Пока в одной комнате остывает труп бедной Оли, в соседней мать, чуть придя в себя, рассказывает, машинально прихлёбывая чай, Аркадию и хозяйке меблированных комнат всю историю-жизнь своей дочери. В Петербург они приехали, надеясь получить давнишний долг с одного купца — покойник муж так и не дождался. Увы, напрасная затея — и адвокат не помог, только последние деньжонки извели. Больше того, подлый купчишка-должник осмелился гнусное предложение Оле сделать — обещал рублей сорок заплатить. Потом, когда Оля наивное объявление в газету от отчаяния дала, сначала её чуть в публичный дом не затащили «работать», а потом и Версилов появился-возник со своей «помощью»… Последней каплей стал рассказ-донос негодяя Стебелькова о сластолюбивой сущности Версилова (который в данном-то случае действительно и бескорыстно почти –– только ради моральной выгоды —  хотел помочь!) и его, Стебелькова, гнуснейшее со своей стороны предложение Оле. И — финал горестно-жуткого рассказа матери: «Вот как я, надо быть, захрапела это вчера, так тут она выждала, и уж не опасаясь, и поднялась.
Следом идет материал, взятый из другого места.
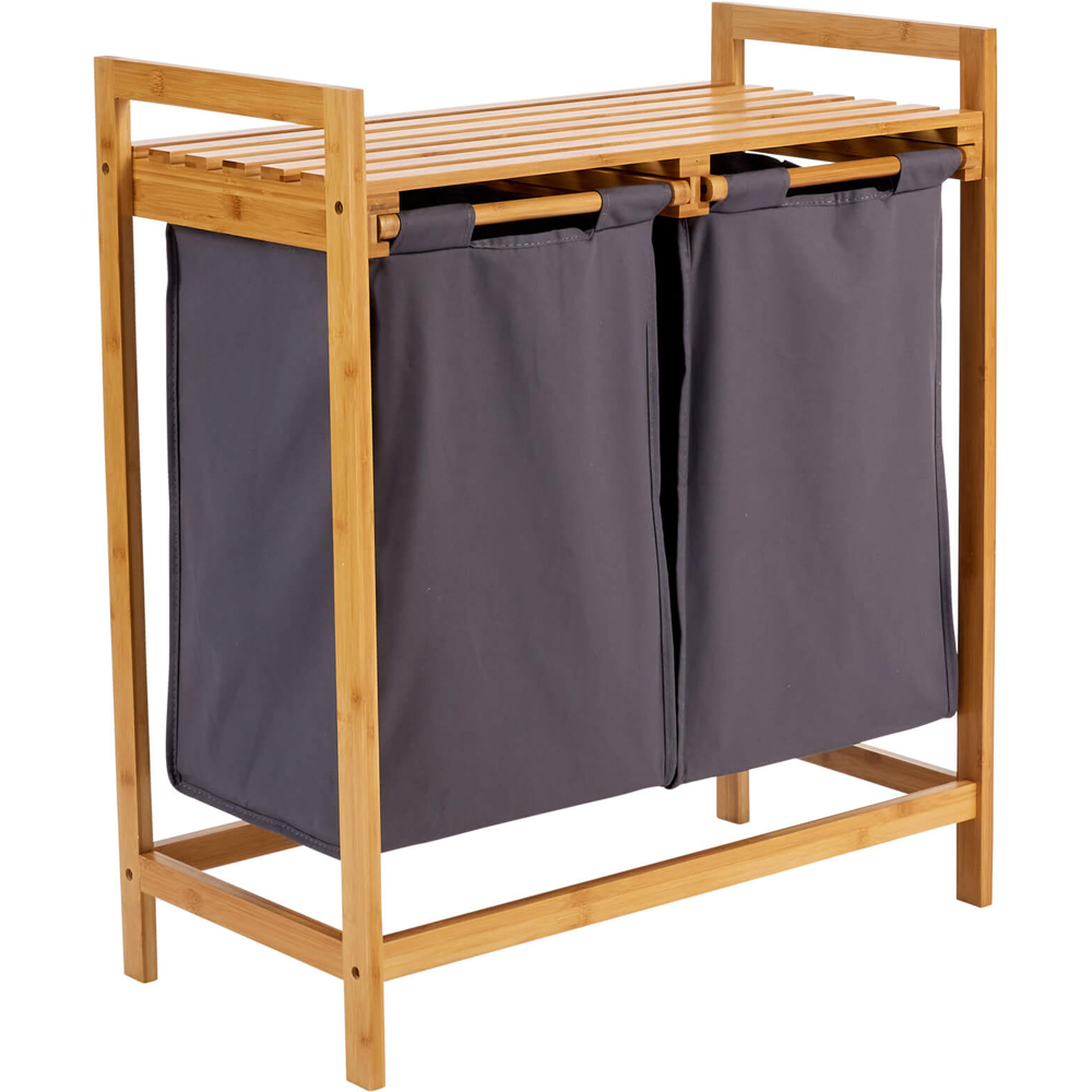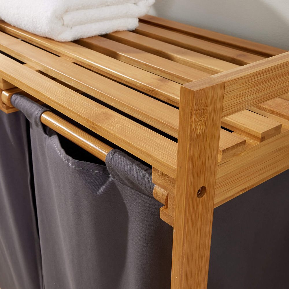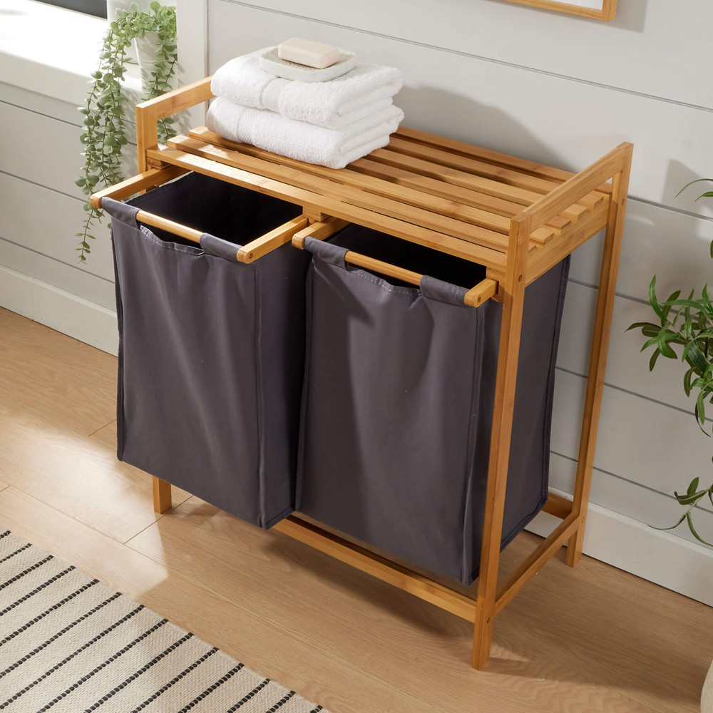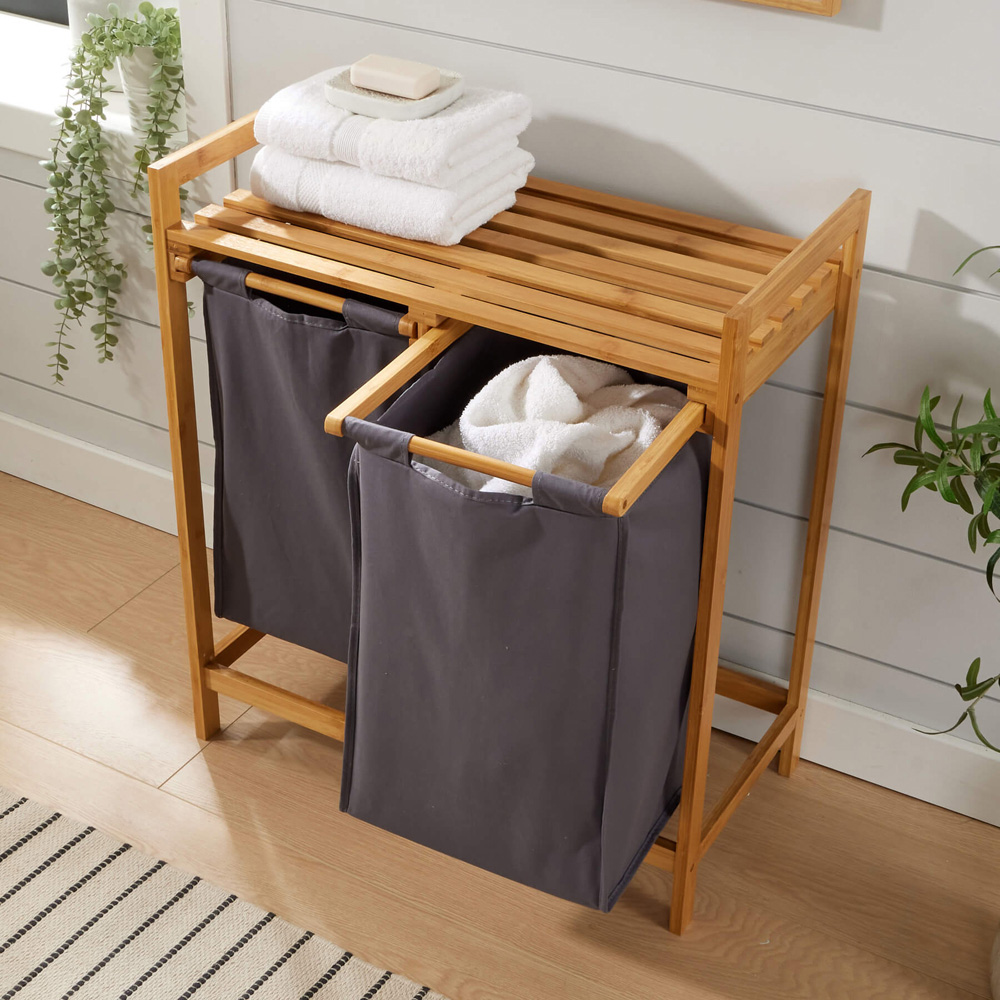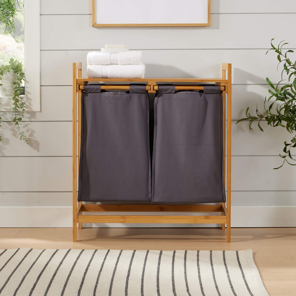 Experience the charm and practicality of the Walton Bamboo Laundry Basket, an essential addition to any home seeking organised bliss. Crafted from durable bamboo with a protective lacquer finish, this laundry basket features two removable grey fabric compartments, making sorting and accessing laundry effortless. Perfectly sized for kitchens, utility rooms, or bathrooms, it also boasts additional shelf storage on top for extra convenience.

Ремень-то этот от чемодана, длинный, всё на виду торчал, весь месяц, ещё утром вчера думала: "Прибрать его наконец, чтоб не валялся". А стул, должно быть, ногой потом отпихнула, а чтобы он не застучал, так юбку свою сбоку подложила. И должно быть, я долго-долго спустя, целый час али больше спустя, проснулась: "Оля! — зову, — Оля!" Сразу померещилось мне что-то, кличу её. Али что не слышно мне дыханья её с постели стало, али в темноте-то разглядела, пожалуй, что как будто кровать пуста, — только встала я вдруг, хвать рукой: нет никого на кровати, и подушка холодная. Так и упало у меня сердце, стою на месте как без чувств, ум помутился. "Вышла, думаю, она", — шагнула это я, ан у кровати, смотрю, в углу, у двери, как будто она сама и стоит. Я стою, молчу, гляжу на нее, а она из темноты точно тоже глядит на меня, не шелохнется... "Только зачем же, думаю, она на стул встала?" — "Оля, — шепчу я, робею сама, — Оля, слышишь ты?" Только вдруг как будто во мне всё озарилось, шагнула я, кинула обе руки вперёд, прямо на неё, обхватила, а она у меня в руках качается, хватаю, а она качается, понимаю я всё и не хочу понимать... Хочу крикнуть, а крику-то нет... Ах, думаю! Упала на пол с размаха, тут и закричала…»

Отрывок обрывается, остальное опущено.